▶ _TASK PROMPT_:
Your answer must be the lines from the one containing "Featuring a midnight" through the last line of the records below, copied exactly, with the pictures left out.
##### SUPPLIED MATERIAL
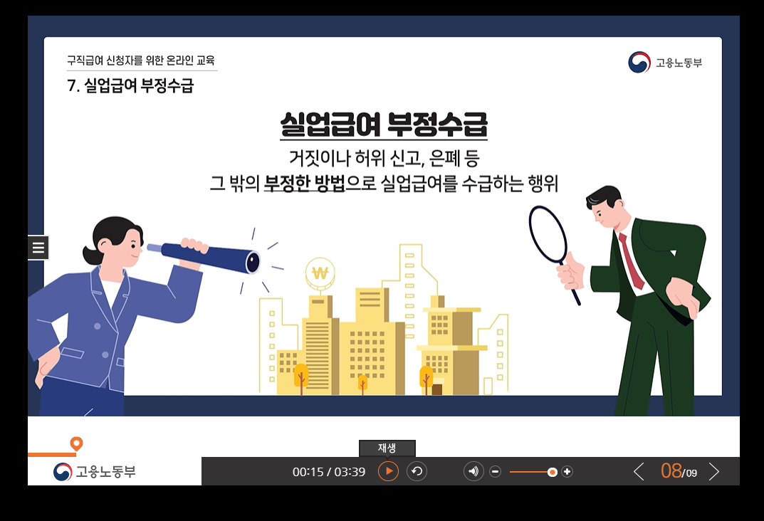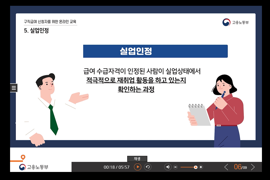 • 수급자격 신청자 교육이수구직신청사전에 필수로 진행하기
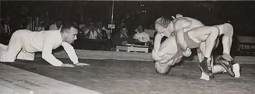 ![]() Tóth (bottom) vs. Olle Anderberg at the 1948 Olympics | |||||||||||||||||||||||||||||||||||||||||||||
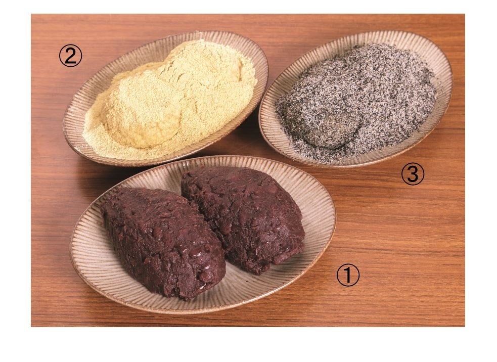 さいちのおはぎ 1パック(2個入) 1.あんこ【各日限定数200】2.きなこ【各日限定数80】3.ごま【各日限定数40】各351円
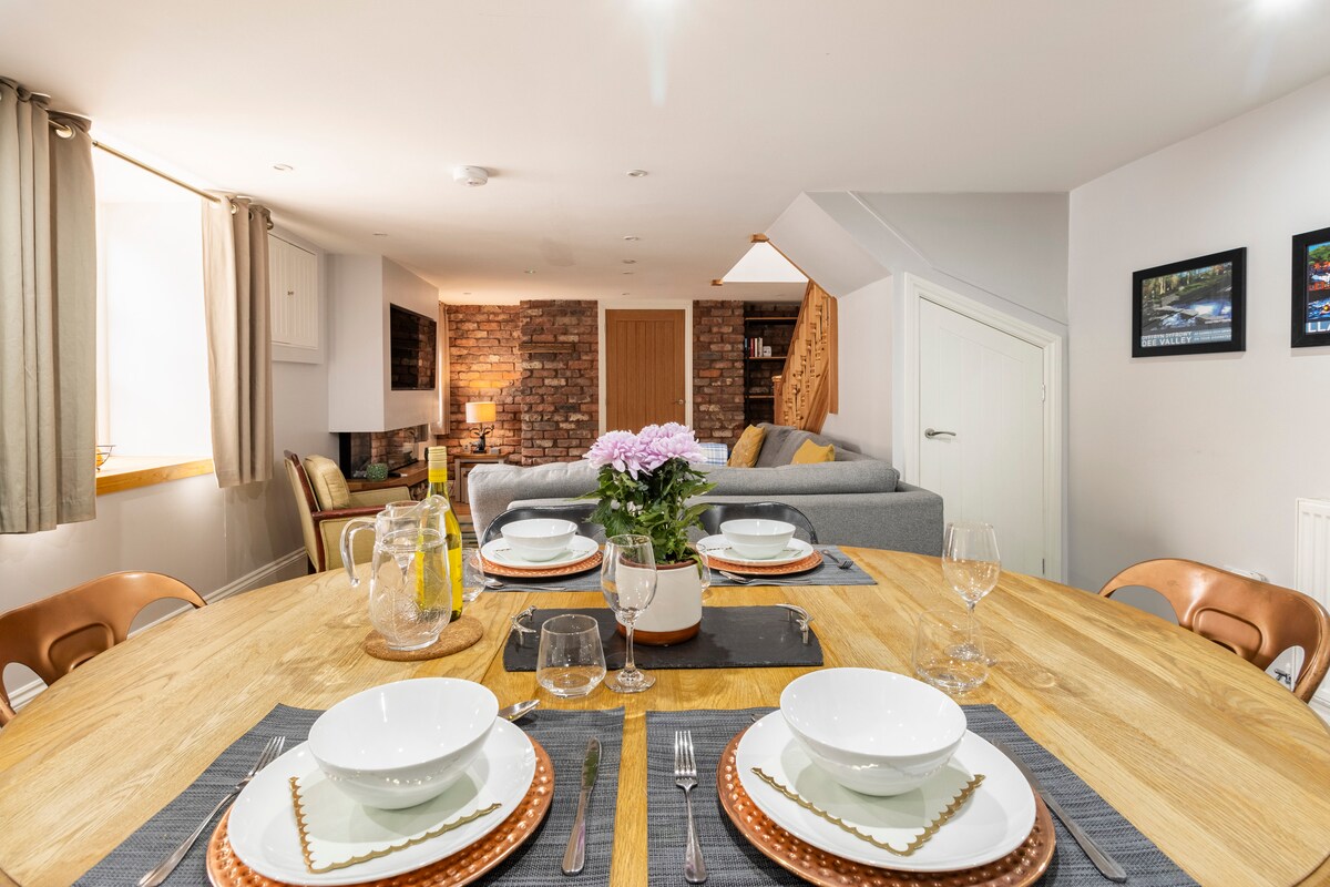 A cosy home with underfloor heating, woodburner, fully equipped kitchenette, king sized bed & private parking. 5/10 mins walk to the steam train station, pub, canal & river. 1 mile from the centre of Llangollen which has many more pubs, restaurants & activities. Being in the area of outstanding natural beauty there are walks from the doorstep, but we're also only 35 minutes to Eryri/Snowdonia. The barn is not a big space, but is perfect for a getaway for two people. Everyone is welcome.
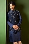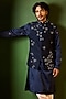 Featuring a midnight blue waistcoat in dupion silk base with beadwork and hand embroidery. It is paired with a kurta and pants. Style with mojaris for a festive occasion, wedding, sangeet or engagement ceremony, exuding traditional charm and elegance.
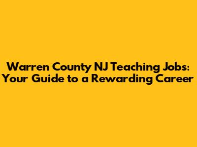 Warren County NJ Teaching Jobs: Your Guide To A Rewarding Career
##########
▶ _RESPONSE TO THE EXERCISE_:
 Featuring a midnight blue waistcoat in dupion silk base with beadwork and hand embroidery. It is paired with a kurta and pants. Style with mojaris for a festive occasion, wedding, sangeet or engagement ceremony, exuding traditional charm and elegance.
 Warren County NJ Teaching Jobs: Your Guide To A Rewarding Career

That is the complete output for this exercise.